I want to store data like the following, unique is on user_id and lids, in MySQL:
recordid user_id lids length breadth
------------------------------------------------------------
1 1 l1,l2 10 5
2 1 l1 7 5
3 1 l1,l3,l2 10 10
4 1 l2,l3 25 15
My query patterns are:
Give me length & breadth where lids are l2,l1
Give me length & breadth where lids are l2,l3
Basically, the input of lids can come in any order to search, still it should provide the correct length, breadth.
Since, we should not store the comma separated values in RDBMS.

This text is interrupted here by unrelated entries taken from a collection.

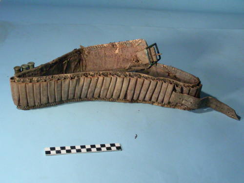 Cinturone terminante con una fibbia a sinistra ed un cinturino a destra applicato ad un quarto della lunghezza a coprire parte degli alloggiamenti dei proiettili. Sul cinturone sono cuciti 59 alloggiamenti per cartuccia decorati a motivi geometrici. Il passante ed il cinturine sono decorati con inserti di pelle di colore più chiaro.
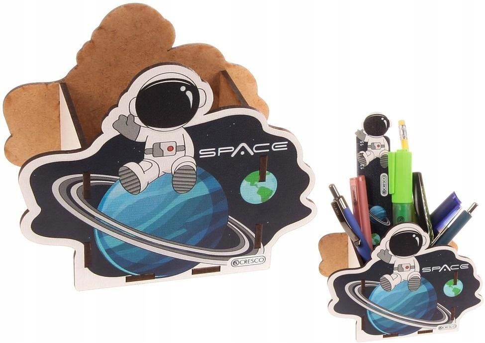 Przybornik organizer na biurko Kosmonauta CRESCO __________________________________________________________________ Drewniany, ekologiczny organizer na biurko o ciekawym wzorze do samodzielnego złożenia. Przybornik pomoże utrzymać porządek na biurku ucznia, a przy okazji atrakcyjna grafika …
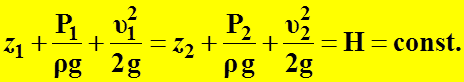 и прочитать так: сумма трех членов уравнения Бернулли для любого сечения потока идеальной жидкости есть величина постоянная.
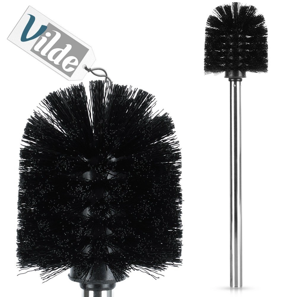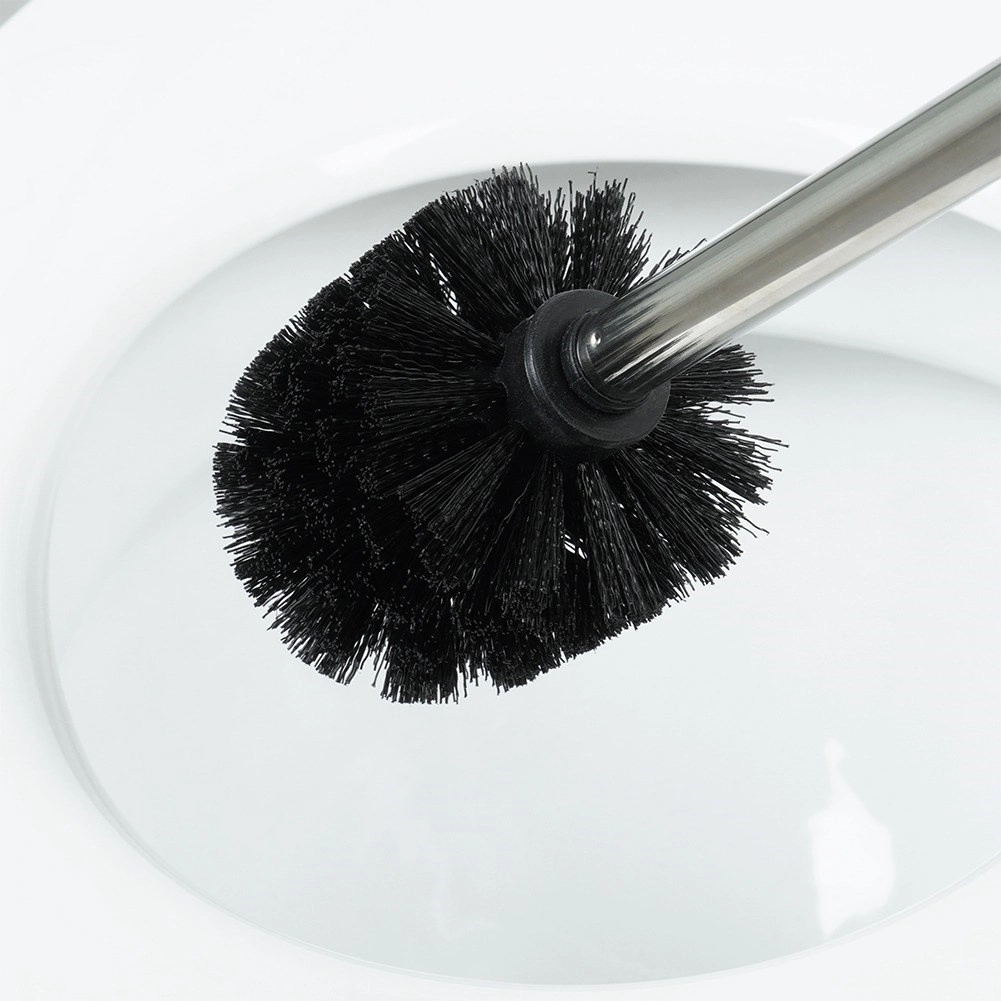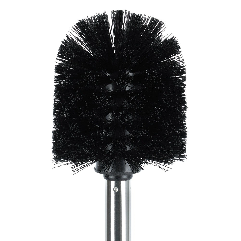 Udržujte toaletu dokonale čistou s náhradní WC štětkou, která spojuje odolné plastové štětiny a pevnou nerezovou rukojeť. Černé štětiny lépe skryjí nečistoty a usnadní průběžné čištění. Díky univerzálním rozměrům pasuje do většiny standardních stojanů a držáků.

Question - How should I structure the DB to have unqiue user_id/lids combinations which can provide the correct length & breadth without much string operations?
I came up with a solution to query the DB like this -
select * from table1 where find_in_set('l2', lids) AND find_in_set('l1', lids);
then in code, identify the count to be exact 2 of lids. But it is not the perfect solution. Need guidance regarding it.
AddOn - A SpringBoot + JPA (Hibernate) specific solution will be great, where there is no requirement of writing native sql query
As per comments if I create a table for lids -
recordid(fk) lid
----------------------------------
1 l1
1 l2
2 l1
3 l1
3 l3
3 l2
4 l2
4 l3
Then how will I ensure that just 1 unique combination of lids should be available for the user?
and what will be my select query? Will it be like the following?
select * from table1, lids where main.recordid = lids.recordid and lid IN ('l2','l3');
The IN operator will run a OR query instead of AND which will give wrong results as well.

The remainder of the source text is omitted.